WHAT YOU WILL DO — Provide again, from the entries below, every line from the one containing "江刺家さん用死語入り筆文字敬語 スタンプ画像一覧" through the one containing "Langgam.id–Menteri Kebudayaan (Menbud)", exactly as written, and no other line.

Collected data entries:

+ + + + + + +

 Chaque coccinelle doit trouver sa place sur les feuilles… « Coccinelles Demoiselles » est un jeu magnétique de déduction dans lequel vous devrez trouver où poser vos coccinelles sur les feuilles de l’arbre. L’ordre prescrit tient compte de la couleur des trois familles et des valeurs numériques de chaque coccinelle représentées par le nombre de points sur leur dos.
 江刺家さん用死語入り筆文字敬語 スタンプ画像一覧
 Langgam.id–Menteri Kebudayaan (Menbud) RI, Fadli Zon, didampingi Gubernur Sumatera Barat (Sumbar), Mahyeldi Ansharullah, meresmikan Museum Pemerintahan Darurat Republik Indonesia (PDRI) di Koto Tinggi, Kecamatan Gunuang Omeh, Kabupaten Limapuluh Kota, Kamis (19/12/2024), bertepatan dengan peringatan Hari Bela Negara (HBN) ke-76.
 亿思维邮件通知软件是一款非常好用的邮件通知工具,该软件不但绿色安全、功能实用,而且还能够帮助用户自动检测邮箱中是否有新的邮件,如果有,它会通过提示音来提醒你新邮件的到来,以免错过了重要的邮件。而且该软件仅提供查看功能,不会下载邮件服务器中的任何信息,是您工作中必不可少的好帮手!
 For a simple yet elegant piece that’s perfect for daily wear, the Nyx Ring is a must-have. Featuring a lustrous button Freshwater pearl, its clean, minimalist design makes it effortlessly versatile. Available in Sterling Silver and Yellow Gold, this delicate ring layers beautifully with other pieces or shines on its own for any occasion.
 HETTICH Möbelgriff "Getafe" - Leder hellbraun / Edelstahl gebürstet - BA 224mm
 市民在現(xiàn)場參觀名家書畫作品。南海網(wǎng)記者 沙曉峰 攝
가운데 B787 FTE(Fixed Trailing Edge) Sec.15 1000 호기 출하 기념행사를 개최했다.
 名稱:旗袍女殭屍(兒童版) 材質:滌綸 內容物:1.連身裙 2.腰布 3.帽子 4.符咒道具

+ + + + + + +

ANSWER SPACE —
 江刺家さん用死語入り筆文字敬語 スタンプ画像一覧
 Langgam.id–Menteri Kebudayaan (Menbud) RI, Fadli Zon, didampingi Gubernur Sumatera Barat (Sumbar), Mahyeldi Ansharullah, meresmikan Museum Pemerintahan Darurat Republik Indonesia (PDRI) di Koto Tinggi, Kecamatan Gunuang Omeh, Kabupaten Limapuluh Kota, Kamis (19/12/2024), bertepatan dengan peringatan Hari Bela Negara (HBN) ke-76.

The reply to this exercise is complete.